We take advantage of theSetSetByCallerMagnitude to map the cached damage to the tag Data_CachedDamage so that we can read the value when re-applying damage in the cases of DoT effects. When we apply single damage effects, we bypass this check entirely. This gives us the ability to only roll critical chance once when a DoT effect is applied, and use that result in the consecutive damage ticks of the effect. This means that if the initial DoT application passes critical hit, all damage ticks are critical, instead of having to re-roll each time!
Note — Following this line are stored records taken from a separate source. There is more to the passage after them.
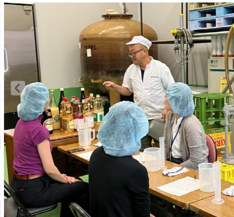
▲「えも博」での体験メニューの様子②
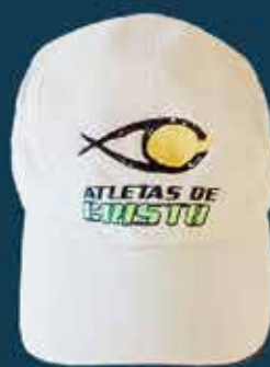
Boné Atletas de Cristo
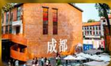
ตงเจียวจี้
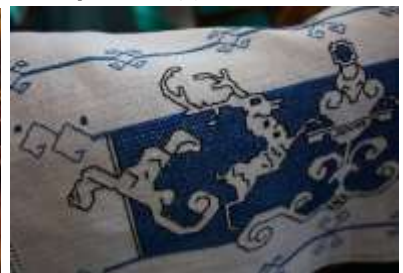
プント・アッシジ

bool bUsingCachedDamage = false;
bool bCriticalHit = false;
float Damage = 0.0f;
ExecutionParams.AttemptCalculateCapturedAttributeMagnitude(DamageStatics().IncomingDamageDef, EvaluationParameters, Damage);
// Add SetByCaller damage if it exists
Damage += FMath::Max<float>(Spec->GetSetByCallerMagnitude(Data_IncomingDamage, false, -1.0f), 0.0f);
if (Spec->DynamicGrantedTags.HasTagExact(Data_DamageOverTime))
{
UE_LOG(LogTemp, Warning, TEXT("Damage Over Time"));
float CachedDamage = Spec->GetSetByCallerMagnitude(Data_CachedDamage);
if (CachedDamage > 0.0f)
{
Damage = CachedDamage;
UE_LOG(LogTemp, Warning, TEXT("Using Cached Damage"));
// Set the Target's damage meta attribute
OutExecutionOutput.AddOutputModifier(FGameplayModifierEvaluatedData(DamageStatics().IncomingDamageProperty, EGameplayModOp::Additive, Damage));
bUsingCachedDamage = true;
}
}
if (bUsingCachedDamage == false)
{
/*
* Critical Chance + Critical Damage
*/
float CriticalChance = 0.0f;
ExecutionParams.AttemptCalculateCapturedAttributeMagnitude(DamageStatics().CriticalChanceDef, EvaluationParameters, CriticalChance);
float CriticalDamageMultiplier = 0.0f;
ExecutionParams.AttemptCalculateCapturedAttributeMagnitude(DamageStatics().CriticalDamageMultiplierDef, EvaluationParameters, CriticalDamageMultiplier);
float RolledChancePercentage = FMath::RandRange(0.0f, 1.0f);
bCriticalHit = RolledChancePercentage <= CriticalChance;
if (bCriticalHit)
{
Damage += FMath::Floor(Damage * CriticalDamageMultiplier);
}
if (Damage > 0.f)
{
// Set the Target's damage meta attribute
OutExecutionOutput.AddOutputModifier(FGameplayModifierEvaluatedData(DamageStatics().IncomingDamageProperty, EGameplayModOp::Additive, Damage));
}
//Store damage as cached damage
Spec->SetSetByCallerMagnitude(Data_CachedDamage, Damage);
}
We also make sure to pass along the fact that the damage was critical as part of the damage payload so that we can read this later on when displaying the information to the HUD:
if (bCriticalHit)
{
DamageDealtPayload.InstigatorTags.AddTag(DamageType_Critical);
}
Here is the full UGASCourseDamageExecution class:
UGASCourseDamageExecution.h
// Fill out your copyright notice in the Description page of Project Settings.
#pragma once
#include "GameplayEffectExecutionCalculation.h"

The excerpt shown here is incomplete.